Как все пацаны, я учился в соседней школе, почти такой же, как в Сокольниках, правда, в 1956 году оттуда бережно убрали гипсовый неподъемный бюст Сталина и с круглых барельефов над четвертым этажом исчезли какие-то профили – может быть, просто осыпались от ветхости. В этой школе я дотянул до девятого, откуда ушел поступать в техникум. В те годы учились кто как мог, полно было второгодников, мелких шкодников из неблагополучных семейств, мешающих на уроке учителям, прогульщиков, но пионерские сборы, спорт и нечастые туристические походы сплачивали и трудолюбивых, и бездельников.

До шестого класса я был активным пионером, одно время барабанщиком пионерской дружины, выступал инициатором каких-то затей по уборке класса, территории вокруг школы, оформлял стенгазету (впрочем, и до окончания школы), участвовал в шефстве над младшими классами, на собраниях осуждал девчонок, красивших губы, брови, ресницы – да мало ли, что они могли там накрасить, главное – осудить, или, как тогда говорили «пропесочить», «пригвоздить к позорному столбу» (хуже). В этом иезуитстве я был, к несчастью, не одинок, всякие «проработки» и по другим причинам были еженедельно и от классных руководителей, и от пионервожатых, от дирекции школы и активной общественности – контроль был постоянный, но учащиеся ухитрялись выскальзывать из-под него в сомнительные предприятия постоянно.

Так, я помню, что в пятом классе на осенней прогулке где-то в районе Останкинского парка – для «похода» это было близковато – мы с моим сверстником предварительно купили четвертинку еловой настойки «для папы», втихаря выдули ее, пока разжигался костер, и учительница по литературе, за нами надзирающая, никак не могла понять, что с мальчиками, почему они часто спотыкаются, не смотрят в глаза и отдаляются от группы. Бывали и случаи воровства в классе «по мелочи» – то завтрак у девчонки вытащат, то в гардеробе карманные деньги стащат. Свои карманные деньги у меня появлялись не часто, когда удавалось сдать на воровскую приемную базу валявшийся в изобилии вокруг нашего дома металлолом: куски труб, остатки металлических ферм, строительных лесов, уголков из металла, каких-то болванок неизвестного предназначения. Дело было тяжелое, приемщики нещадно обманывали, помогал мне и младший на семь лет брат. Изредка пополнялся доход и игрой в расшибалку, пристенок, а позднее и чет-нечет – игры азартные и запрещенные, но копеечные.

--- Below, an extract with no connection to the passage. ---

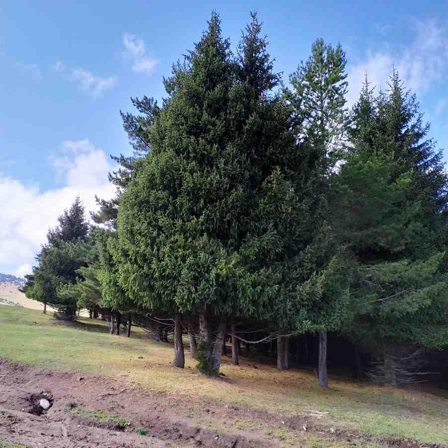 На склоне, что остался позади и нависал над селом, были плотно усажены ели, видимо для того, чтобы не случился оползень. Интересно, что усажены они были настолько кучно, что под их темной хвоей совсем не было видно света, под этим небольшим «лесом» царила кромешная тьма. Отличное место для съемки фильма ужасов!

Из трагикомических событий помню, как ученик по фамилии Хмельницкий – довольно крупный парень в первые годы обучения, но как-то захиревший к восьмому классу – долго тянул руку, учительница не обращала на него внимания, наконец вызвала его к доске для ответа, но он-то хотел в туалет. Около доски и приключилась с ним неприятность «по-большому», он краснел, подтирал пол тряпкой для мела. Близорукая учительница ничего не замечала, мы и видели и чувствовали запах – короче, конфуз был необычайный и так до конца восьмого класса ему не забывался. Конечно, было и достаточно доброе отношение друг к другу, более обеспеченные, те, кто мог перекусить в школьной столовой на переменах, оставляли недоеденные пирожки с повидлом более нуждающимся ученикам, угощали яблоками из редких тогда дачных садов, а то и газировкой за тридцать копеек (после реформы 1961 года – три копейки) с сиропом – правда, остатком от недопитого.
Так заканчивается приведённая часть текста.